Originally Published May 6, 2018

We launched a mission to Mars on Saturday, a risky mission – humanity’s record to land on Mars is only 40%. In fact, the US is the only country to ever successfully accomplish a landing and surface operation on this planet.

We think and talk a lot about risk at NASA. We are an agency whose very purpose implies that we *have* to take risks – do things that nobody has ever done before. NASA processes are built around that, have been successfully implemented many times, and have evolved as we learn. And, it has not all been great!

Robert Lightfoot, in his last speech as outgoing Acting Administrator told his audience that NASA needs to reconsider how we take risks, and do so deliberately and with focus. I think that everybody who works on big projects – especially for and within NASA. You can read full the full remarks on NASA’s website.

Here is what I learned about taking risk from the helm of NASA Science and during my career in innovation as a whole:

1) Innovation and iteration always go together. The kicker: to an outsider, especially one who is not innovative, iteration looks like failure. Yet, the world of innovation is not a linear world imagined in many management courses in highly ranked schools, and the most detailed plan does not imply the most progress – perhaps the opposite is true. But, most stakeholders do not understand this.

2) “Pounding risks flat” has opportunity cost, and they are often not part of the discussion. Yes, we can chase every option of failure we can think of, but that has real costs and slows us down. What are we *not* doing during this process? What are we missing by going slower?

3) Process does not eliminate the need for sound judgment and deep skill. Of the 10 signatures supporting a decision, how many indicate a detailed understanding and focus on the issue? These are the only signatures that count!

4) The best decisions are the ones scrutinized by great people with a diversity of view-points. Yes – innovative decisions require tension in the team. That implies a strong focus on talent and career growth and experiences. How do we attract and enable growth of our top talent? How do we learn from other stakeholders, such as commercial companies or other innovators?

5) Projects, like investments, should have a portfolio approach when it comes to risk. We need parts of the project portfolio where we focus on experimenting and learning. Because of that, we at NASA Science recently changed the way we manage lower cost science missions to include less oversight, fewer reviews, and higher speed. We are thus creating elements in our portfolio where we can take more risks and learn from innovators outside of the agency.

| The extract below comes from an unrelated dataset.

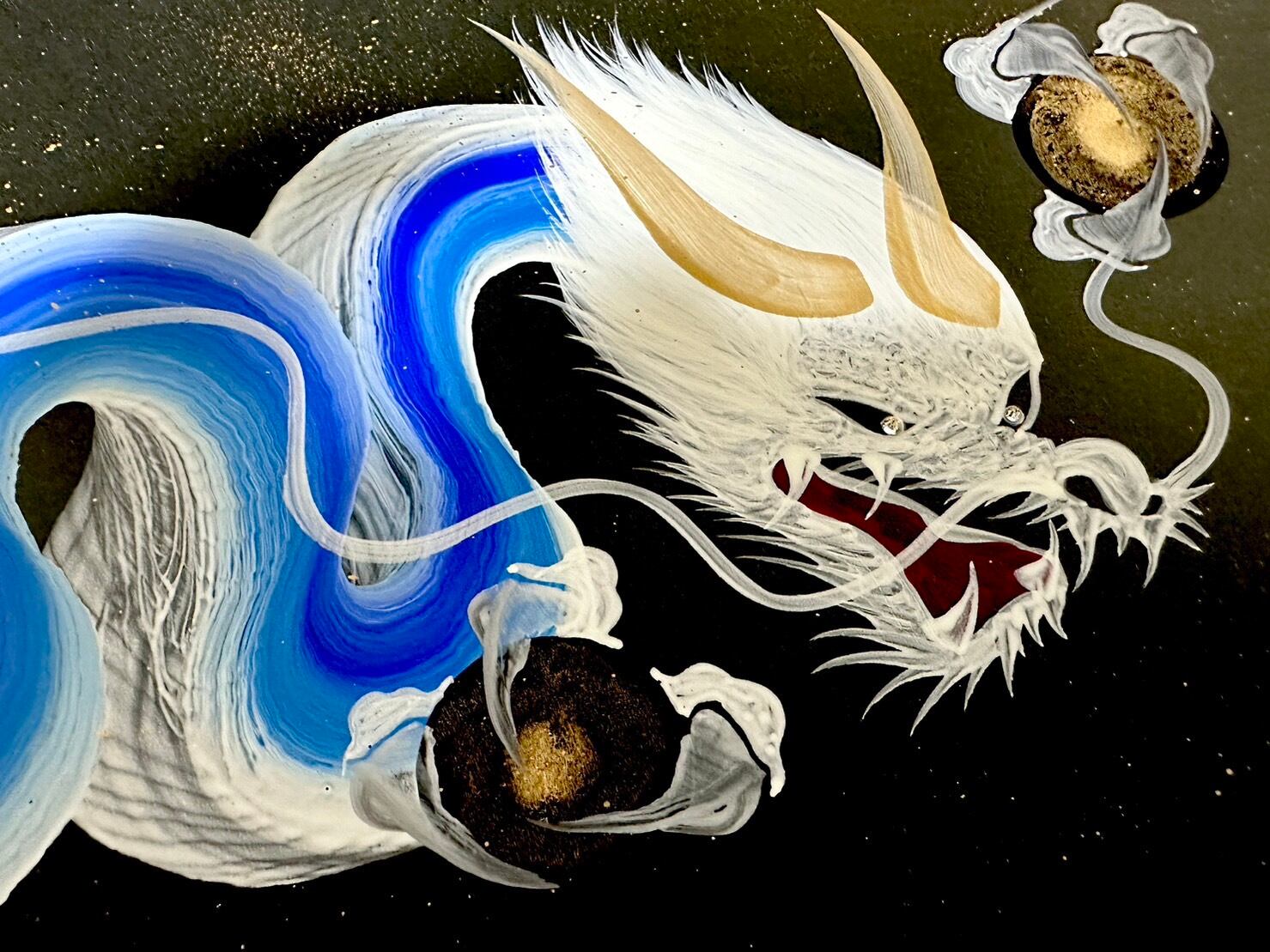 動画で見た一筆龍絵師は京都の方だということを知り、ダメ元でその方にコンタクトをとってみたところ、「本気で学びたいのであれば・・・」とのご厚意をいただき、直接ご指導をいただく。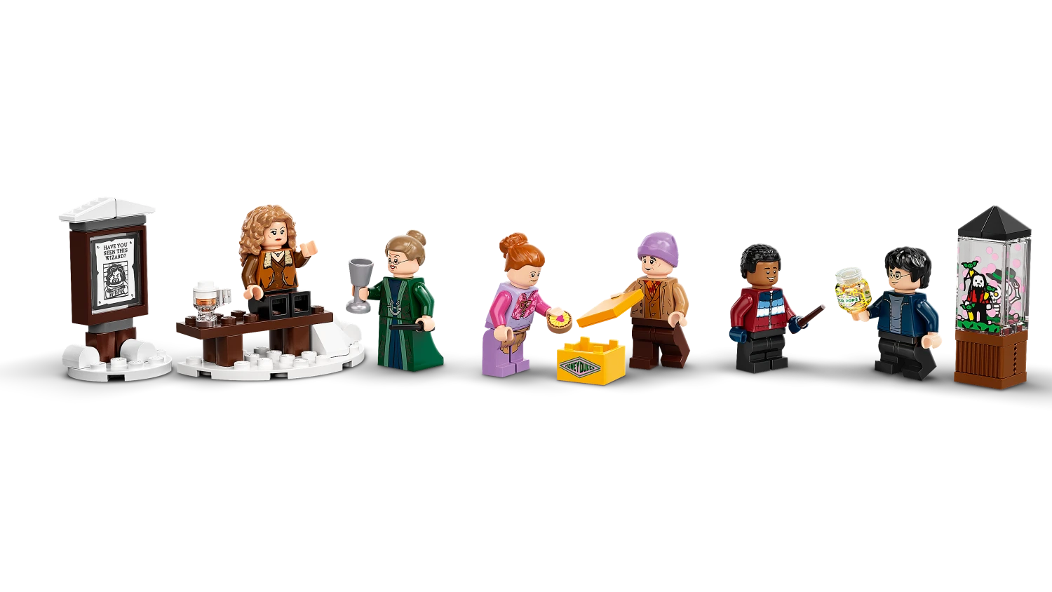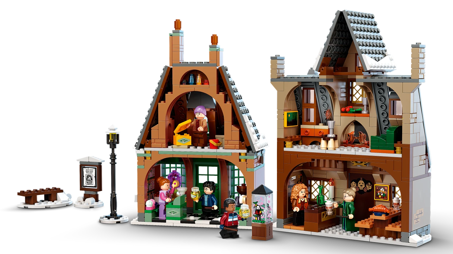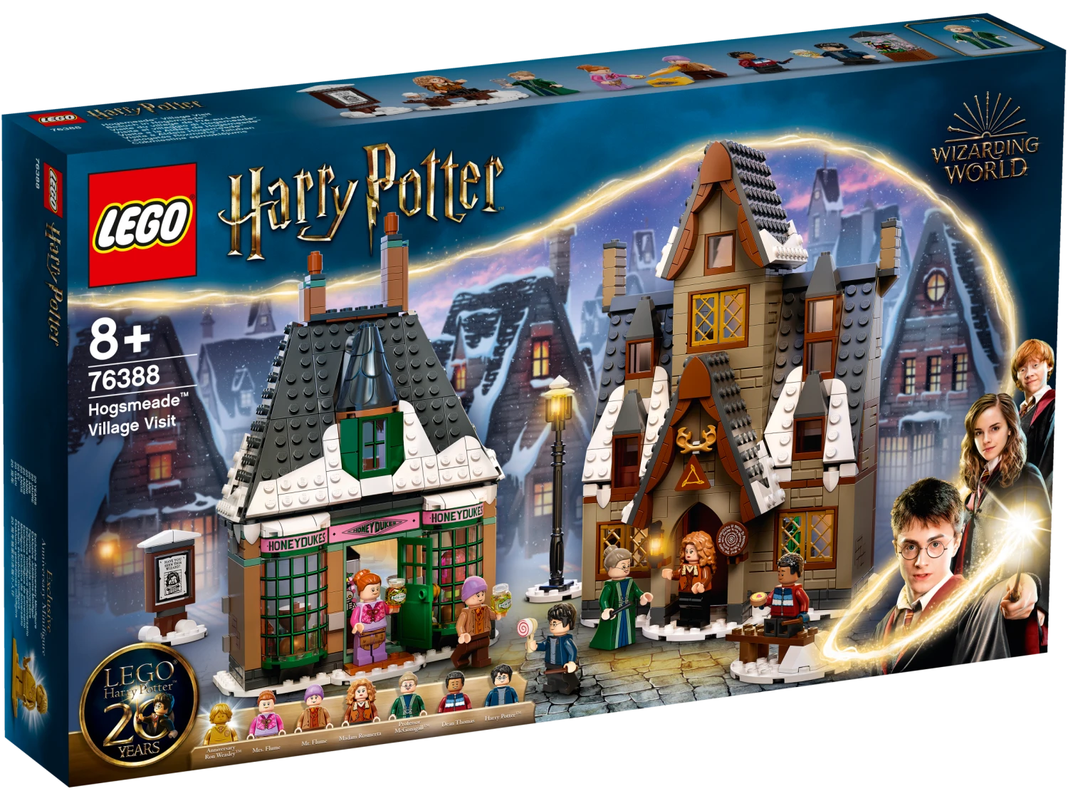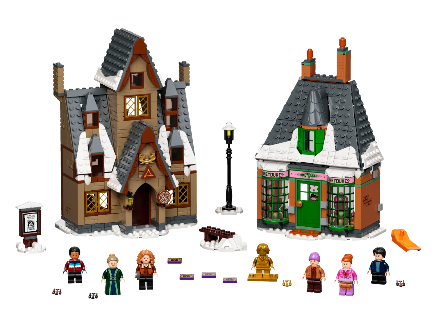 Take a trip to Hogsmeade with Harry Potter and Dean Thomas. Buy tongue-tingling acid pops from Mrs. Flume at Honeydukes, then go upstairs to help Mr. Flume make candy. Feeling thirsty? Try a Butterbeer at The Three Broomsticks, where Professor McGonagall is chatting to Madam Rosmerta by the fire. Includes an exclusive, golden, anniversary Ron Weasley minifigure and 4 random wizard card tiles!

6) Finally, managing risk is a leadership challenge. Lacking risk tolerance is not the fault of our engineers and lower level managers, nor those tasked with risk assessment, but a reflection of values and ambition driving leadership. So, what are we saying about our projects, about risks? How do we react to iterations/learning experiences when they happen in our organization?

In summary, taking risks is a necessary ingredient of innovation and leadership! Thus, how we handle risk needs to remain a topic of discussion not just focused on “the how”, but also “the what” and “the why”!